Friday, December 18, 2009

The reset button

More thoughts on deflation and currency collapse--

The currency collapse itself is not really the problem for most of the population. Suppose for a moment that we could be done with the currency collapse instantaneously, but without the economy being destroyed. Dollars, whether they are dollars you have saved or dollars that you owe, suddenly cease to exist. Instead, paychecks magically begin arriving in the new currency, and we all switch over to the new money for all transactions.

This wipes out savings, but it also wipes out debts. It's like pressing a giant reset button, and most Americans would choose to push that button. Not the wealthy Americans, not the top of the middle class-- but most of us. Even middle class Americans with sizeable 401k accounts might push the button, since not having to make mortgage, car loan, student loan, and credit card payments would free up so much income that they could easily catch up as far as retirement.

We would certainly have to adopt, and immediately, a real safety net for the elderly. But with all US sovereign debt wiped out we would be more able to do this than we are now. Furthermore, if the new currency were backed by gold and/or silver, this would prevent the relentless inflation which has eroded Social Security payments year after year. (Yes, SS payments are supposed to increase with inflation, but then, the government lies its ass off about inflation, so it doesn't quite work that way.)

Without debts, government or private, we could resume real growth. If other nations were wary of doing business with us due to the recent currency change, all the better, as that might revitalize domestic production.

People lament hyperinflation because it "wipes out the assets of the middle class," but really, how many Americans have more assets than debts? And whatever assets they do have may be relatively inaccessible, e.g. tied up in the house they live in, the paid-off car they drive, or in retirement accounts they are decades away from tapping.

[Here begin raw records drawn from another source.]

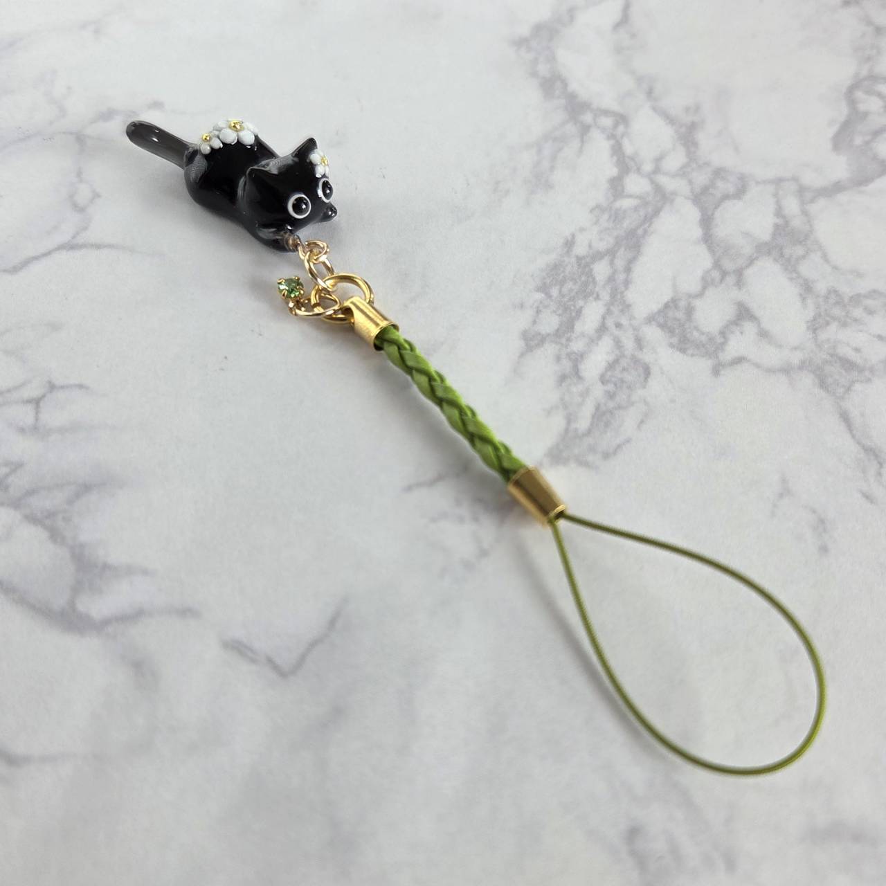 グリーンのストラップにぶら下がった黒猫が淡いグリーンのお花を纏っています。
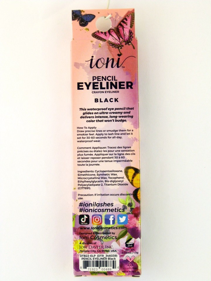of this Ioni Cosmetics Black crayon eyeliner. It is a waterproof eye pencil that glides on ultra-creamy. Has no Parabens, and is animal cruelty free. Use within 3 months of opening.
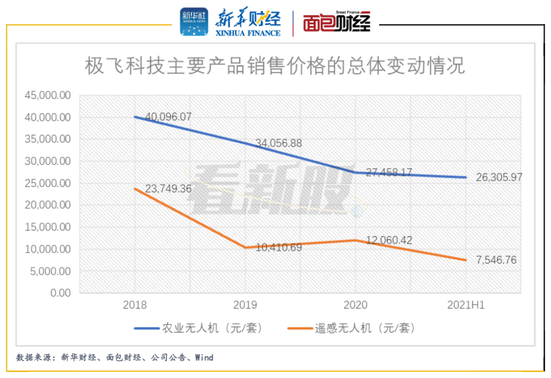 在激烈競爭之勢下,極飛科技核心產品也被迫持續降價。2018年至2021年6月,公司農業無人機的售價由4.01萬元/套下降至2.63萬元/套,降幅達34.39%;遙感無人機從2.37元/套降至7547元/套,降幅達68.22%。
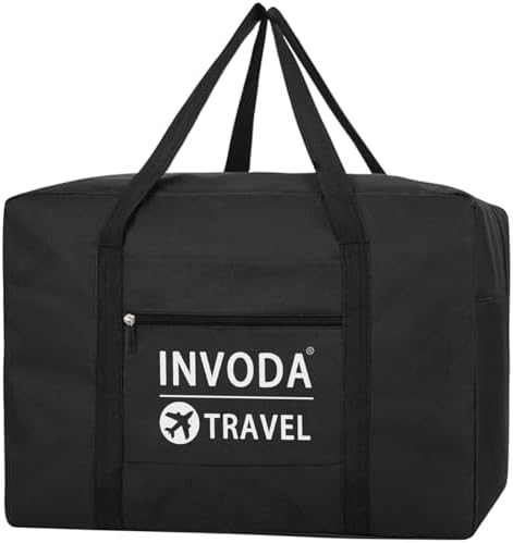 Multipurpose - Use it as a travel duffel bag, overnight bag, weekend bag, gym bag, workout bag, sports bag, dance bag, overnight bag, carry on bag, or travel bag. Carry all your gym and travel essentials. Travel Friendly - Integrated trolley sleeve slides over rolling luggage handle. A zippered pocket on the luggage strap sleeve for holding travel essentials like phones and passports. Water ResistantThis duffel bag is made of nylon fabric that is tear and water resistant, and all stitches are strengthened to suit long-term use. Great Gift - If you want to give a practical gift to your family or friends, INVODA's duffel bag is a very good choice. Its appearance is simple and stylish, lightweight and durable, foldable, very suitable for short trips, business trips, camping, etc. Travel bag size: 17.7 x 5.5 x 12.6 inches
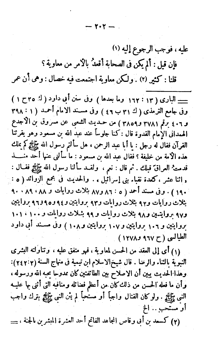 (¬1) أي إلى العقد من الحسن لمعاوية، فهو متفق عليه، وتناولته البشرى النبوية بالثناء والرضا. قال شيخ الإسلام ابن تيمية في منهاج السنة (2: 242) : وهذا الحديث يبين أن الإصلاح بين الطائفتين كان ممدوحا يحبه الله ورسوله، وأن ما فعله الحسن من ذلك كان من أعظم فضائله ومناقبه التي أثنى بها عليه النبي صلى الله عليه وسلم. ولو كان القتال واجبا أو مستحبا لم يثن النبي صلى الله عليه وسلم بترك واجب أو مستحب. . . إلخ.
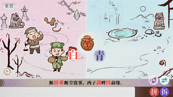 游戏中你将作为执笔人穿梭于不同的传说故事来重组文字完成诗词,通过操控汉字和场景里的物品互动来获得各种汉字,拆解这些汉字获得不同的文字,将文字两两组合来获得诗词中需要的汉字,不断拆解与组合来修复关卡里的诗词。

Again, most of us would gladly push reset. Or-- we would in this magical world I've just described. In real life the death of a currency takes a while and gets seriously messy. It brings the real economy to a screeching halt. The question is not "how do we save the dollar?" when it cannot be saved. The question should be how we transition as rapidly as possible to a gold- or silver-backed new currency, once the dollar finally begins to fall apart. The longer it takes, the more production is lost, and the more we all suffer.